Why did I offer to do it for him? Why didn't I stick to my self-archiving principals? Did I mention that he was a professor and I'm not?

Creative Uses of a Repository

I was just walking through our lab this afternoon. The "lab" is the open plan area that the research staff and students inhabit in the Intelligence, Agents, Multimedia group. It is on the top floor of our new building, which enables me to say to visitors as they step out of the lift "Welcome to the IAM group - the highest level of abstraction in the School". (That kind of thing passes for wit in Computer Science circles.)

Back to the plot - as I was walking through the lab, I was struck by how many posters our researchers have accumulated from conference visits. They are stuck up all over the cubicle walls that separate out the different research areas. Some of these posters are looking a bit the worse for wear (they used to be up in the old building) but none the less they give a good impression of the research that this group has undertaken recently.

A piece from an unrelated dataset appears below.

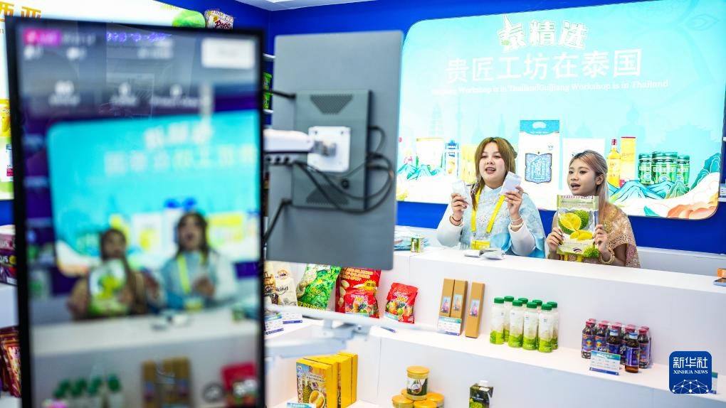 7月26日,留学生在跨境电商展区直播带货。
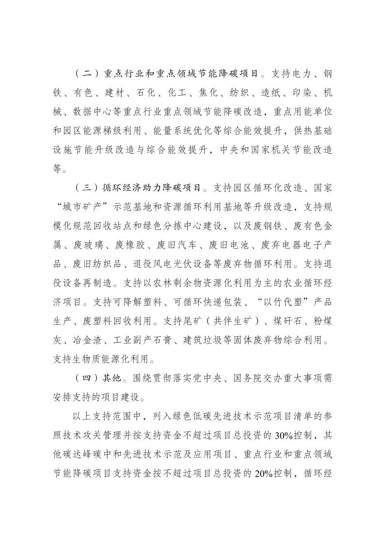 4月8日,国家发展改革委印发《节能降碳中央预算内投资专项管理办法》的通知。本专项重点支持重点行业和重点领域节能降碳、循 环经济助力降碳等方向,重点支持内容包括:碳达峰碳中和先进技术示范及应用项目等。支持国家碳达峰试点城市和园区使用生物质能、地热能等可再生能源替代化石能源示范项目。

Now, as long as all these posters are actually stored in the repository, we could use them to provide a rotating display on a public plasma screen. There are an increasing number of these in various buildings all over the department. All it would take would be a little script that chooses a different PPT or PDF Poster Presentation from our eprints repository and displays it for 2 minutes before going on to the next poster. Each time it would choose a poster from a different author / discipline / research team. All I'd have to do is find a spare screen!

My list of things to do this summer isn't getting any shorter!